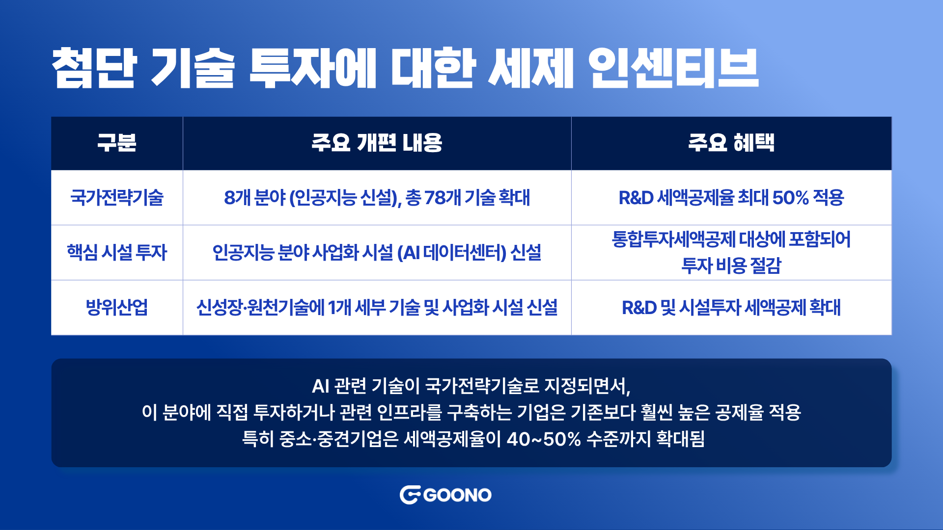 하지만 이후 미·중 기술 패권 경쟁 심화, 공급망 재편, 첨단산업의 국가 안보적 가치 부각 등 글로벌 환경 변화에 대응하기 위해, 정부는 ‘신성장·원천기술’에 이어 ‘국가전략기술’이라는 새로운 범주를 신설했습니다. 반도체, 배터리, AI, 우주항공 등 국가 경쟁력을 좌우할 핵심 분야에 대해 최대 30~50%의 세액공제율을 적용하며 지원 강도를 크게 높였습니다.
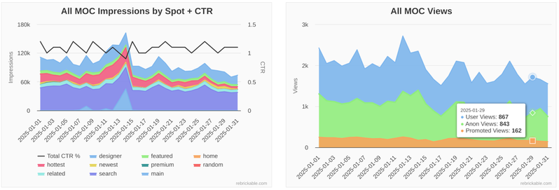 Now, although the impressions are distributed evenly amongst participating designers, there is an exception for search results. We always make sure the search results are specific to the search terms, so if your MOCs are ranking well for common search terms they will be shown in the search result featured spots (front of search results) more often. Be sure to look at your Designer Dashboard > Search Stats page to see what terms you are ranking for to take advantage of this.
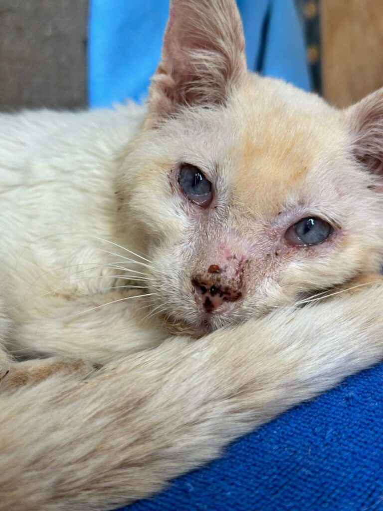 Geronimo wurde von Urlaubern in einem erschütternd schlechten Zustand gefunden. Abgemagert, geschwächt und voller Schmerzen – dennoch hat dieser sanfte Kater nicht aufgegeben. Sein genaues Alter ist unbekannt, doch er ist bereits ein kleiner Opa.
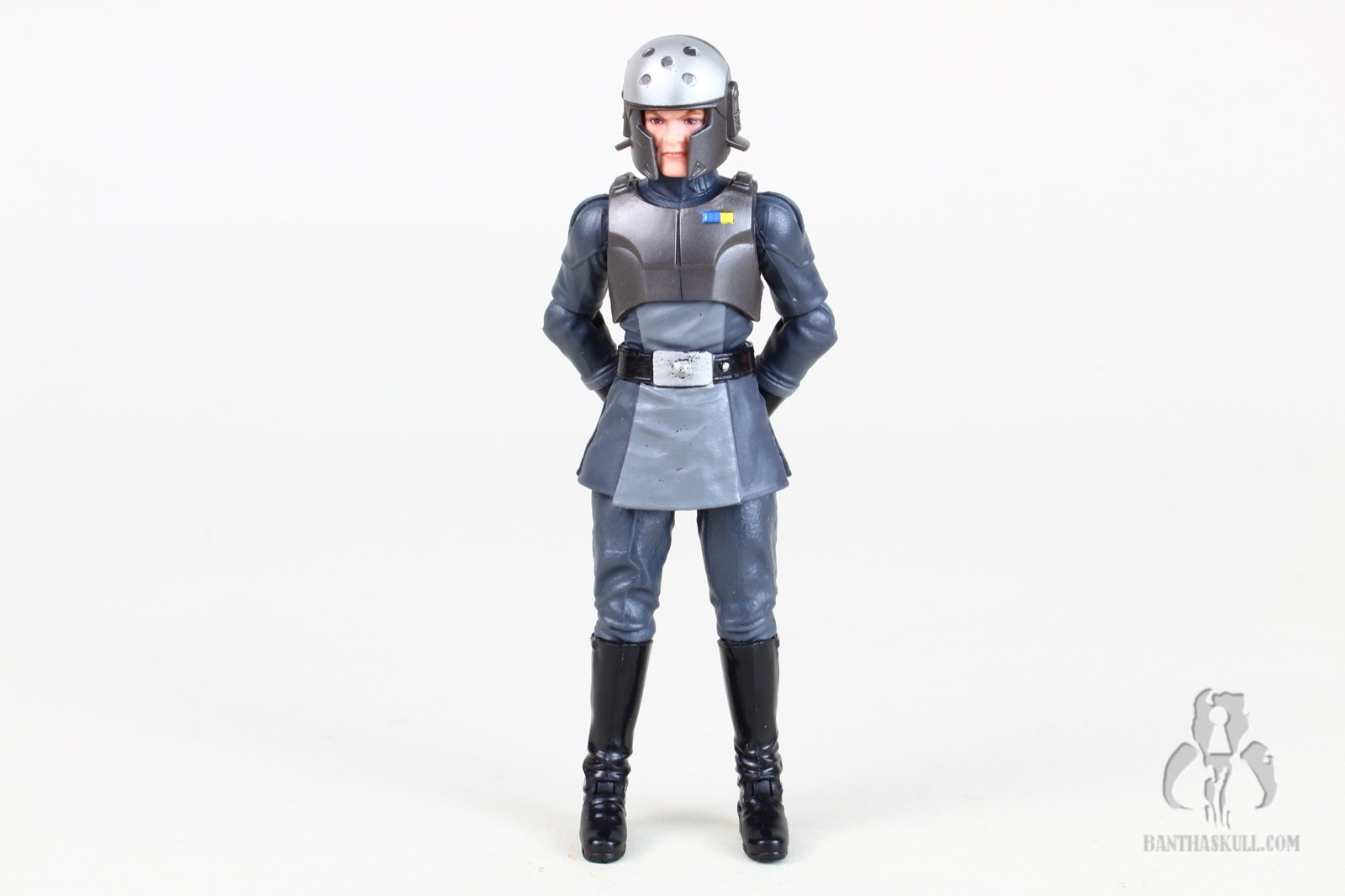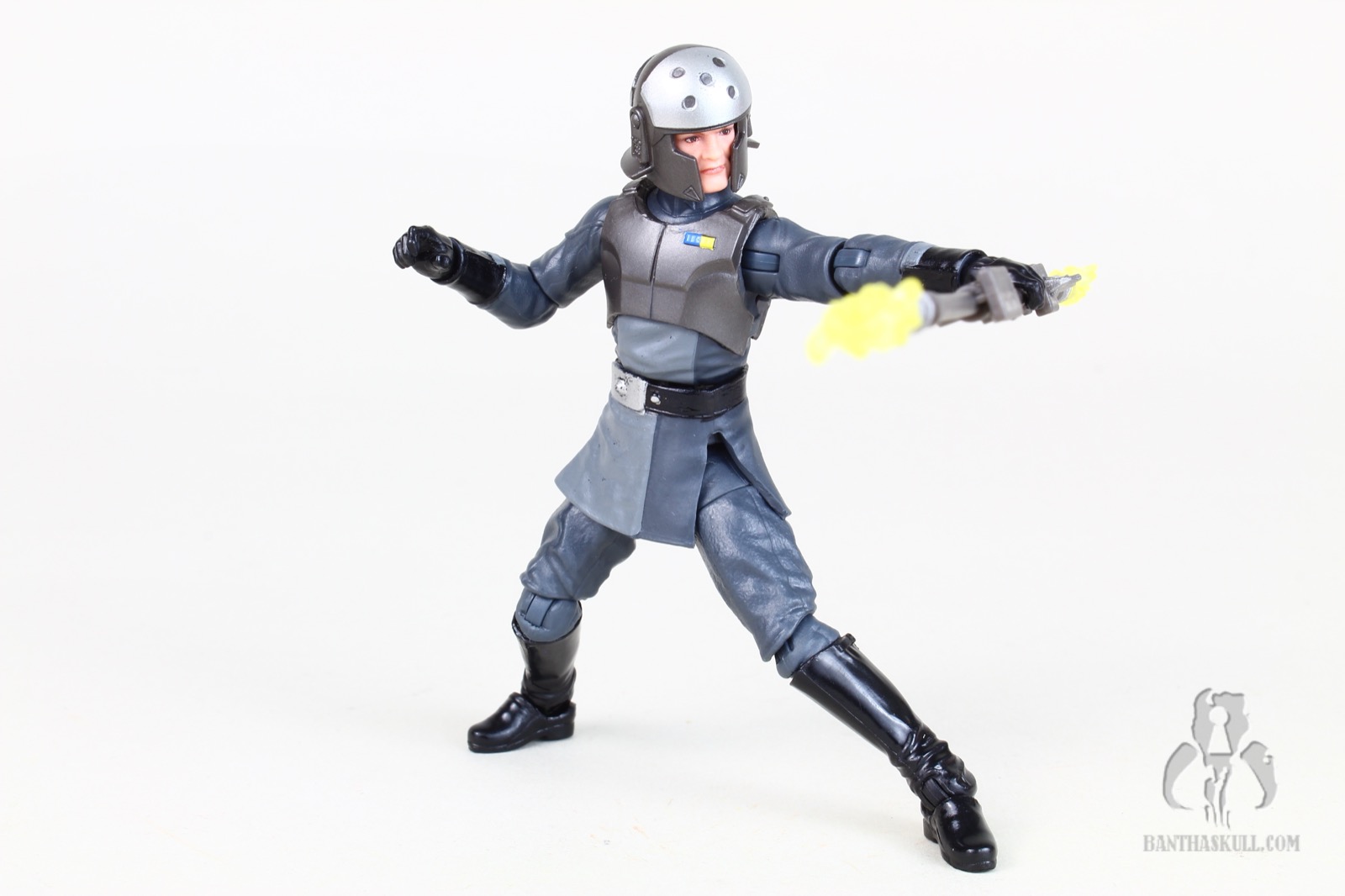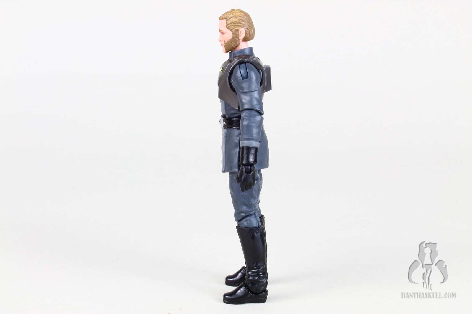And of course the headsculpt is all new. Hasbro has often been called upon to make a realistic interpretation of a cartoon character. Sometimes the hit it out of the park, and sometimes it still looks too cartoony (whether by accident or intentional). In the case of Kallus, it’s a really nice job, but I think they could have dialed back the “severity” of the facial hair. The beard, which may be Kallus’ signature trait, has that odd little upturn at the ends of his mutton chops. I was a little put off by this, thinking it was an unfortunate translation from a decidedly cartoony look. But a quick search online of “mutton chops” reveals that real dudes often have this little feature when they sport this look. So I’ll allow it. Nevertheless, I do think the arched eyebrows should have been toned down a bit. Overall, I think Hasbro did pretty good with the translation.

.....

Once you have returned the line containing "Now, although the", stop; begin at the first line of the material, keep each line exact, and skip the pictures.

 하지만 이후 미·중 기술 패권 경쟁 심화, 공급망 재편, 첨단산업의 국가 안보적 가치 부각 등 글로벌 환경 변화에 대응하기 위해, 정부는 ‘신성장·원천기술’에 이어 ‘국가전략기술’이라는 새로운 범주를 신설했습니다. 반도체, 배터리, AI, 우주항공 등 국가 경쟁력을 좌우할 핵심 분야에 대해 최대 30~50%의 세액공제율을 적용하며 지원 강도를 크게 높였습니다.
 Now, although the impressions are distributed evenly amongst participating designers, there is an exception for search results. We always make sure the search results are specific to the search terms, so if your MOCs are ranking well for common search terms they will be shown in the search result featured spots (front of search results) more often. Be sure to look at your Designer Dashboard > Search Stats page to see what terms you are ranking for to take advantage of this.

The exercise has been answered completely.